Town Has No Business Subsidizing Business


It appears to me that the Town of Payson is primed to spend nearly $200,000 of its citizens' money in an unnecessary and unproductive purchase. I am referring, of course, to the $190,000 contemplated purchase of three acres from Kaibab Industries.

It has been my impression that the commercial part of Payson has been growing faster than many of us would like with no financial help for the Town of Payson.

In fact, some of the growth in the commercial area has come in spite of determined efforts on the part of segments of the citizenry to derail it.

Now all of a sudden the town government appears to have decided that we don't have sufficient commercial growth, and has decided to underwrite additional growth.

I think it is time for the citizens to ask, "What don't we have enough of commercially in Payson?

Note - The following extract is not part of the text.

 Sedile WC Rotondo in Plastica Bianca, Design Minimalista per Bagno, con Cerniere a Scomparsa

What am I willing to subsidize to get more of?"

Personally, the only thing that is likely to be included in the Kaibab addition that I would like to have access to is a movie theater.

It is my analysis, that someone else would already have built a movie complex in Payson if there weren't the threat that eventually Kaibab was going to do it, somehow. The point is that somebody else would have done it without asking for public subsidy. Furthermore, if it turns out that Kaibab can't do it without public subsidy, somebody else will still do it without public subsidy.

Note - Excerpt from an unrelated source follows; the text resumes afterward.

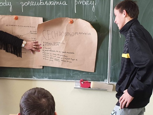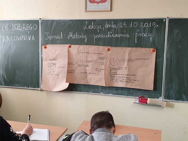 W dniu 25.10.2019r. odbyła się lekcja otwarta w klasie I Kucharz Branżowej Szkole I Stopnia z przedmiotu:Podstawy przedsiębiorczości przeprowadzona przez Panią Milenę Szczucką.Tematem lekcji były:"Metody poszukiwania pracy". Podczas zajęć uczniowie zdobyli wiadomości na temat rynku pracy i bezrobocia.Dyskutowano na temat: Co należy zrobić aby zaistnieć we współczesnym rynku pracy ?, jak się dobrze zaprezentować ?, jak prawidłowo napisać CV ? Następnie uczniowie w grupach 2 osobowych mieli możliwość zastanowienia się nad cechami dobrego pracownika i wypisania na szarym papierze cech najbardziej pożądanych przez pracodawców a później zaprezentowania ich na forum klasy. Po tym etapie wspólnie z nauczycielem młodzież wymieniała przykładowe metody poszukiwania pracy i po krótce każda z metod była opisywana.Następnie wszyscy uczniowie dostali przykładowe druki ogłoszeniowe przyniesione ze sklepu, na których mieli możliwość napisania samodzielnie przykładową ofertę pracy z uwzględnieniem zasad pisania ogłoszeń, po tym zadaniu uczniowie dostali laptop z dostępem do internetu i wyszukiwali przykładowe strony internetowe w poszukiwaniu pracy z uwzględnieniem ofert pracy znajdującymi się w naszym regionie, a także znalezienie ofert pracy w PUP w Hrubieszowie, jak również wyszukanie zawodów najbardziej popularnych w 2018 r. Podsumowaniem zajęć była krótka anonimowa ankieta przygotowana do wypełnienia przez uczniów w celu sprawdzenia własnej ewaluacji pracy nauczyciela.Lekcja przebiegała w przyjaznej atmosferze z wykorzystaniem różnych metod pracy, co pozwoliło uczniom zaangażować się w pracę i wykonanie zadania.

After all, we have gone over one and a half years without a movie theater in town, and have sort of gotten used to it. It won't hurt us to go a while longer.

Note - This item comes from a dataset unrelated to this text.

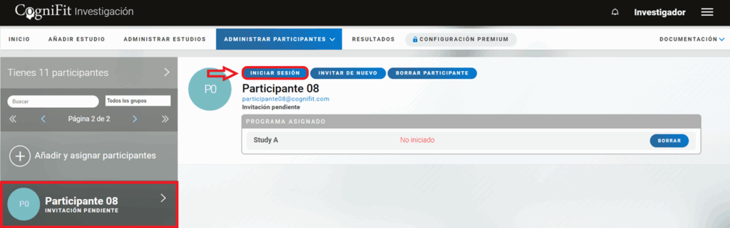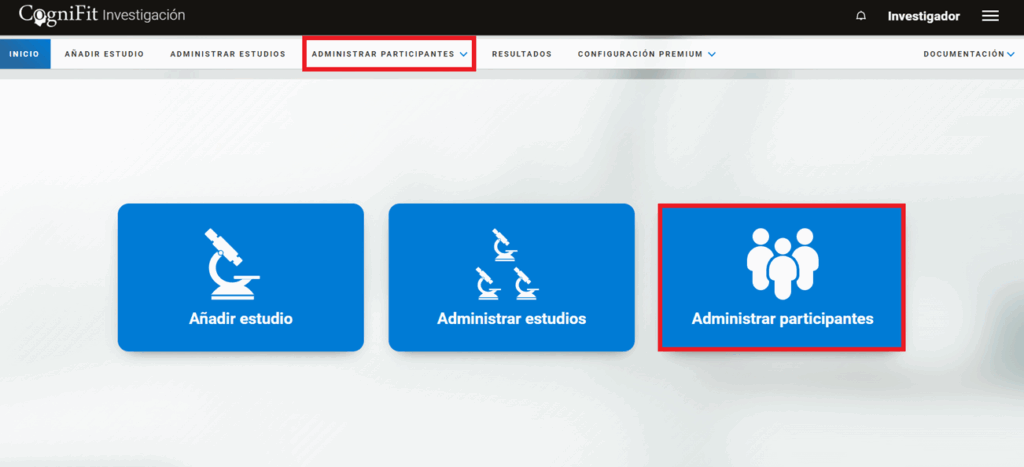 1.1 Accede a tu cuenta de investigador y ve a la página de Administración de Participantes

The point is that an organization that can't even get off the mark without public subsidy is likely to require it again and again. American history is full of such examples. As far as I can see, the present business climate in Payson is such that any business that can't get started up now without public assistance is going to be an early casualty in the depressed timer that will come sooner or later, and will cost us more money then.

If the town fathers have $190,000 burning a hole in their pockets, we can all think of places we would prefer that it be spent. My personal choice is more water, but other people might prefer paving streets, repairing streets that are paved, the library, etc.

If this letter causes anyone to rethink their position on the subsidization of the Kaibab project, contact members of the Town Council.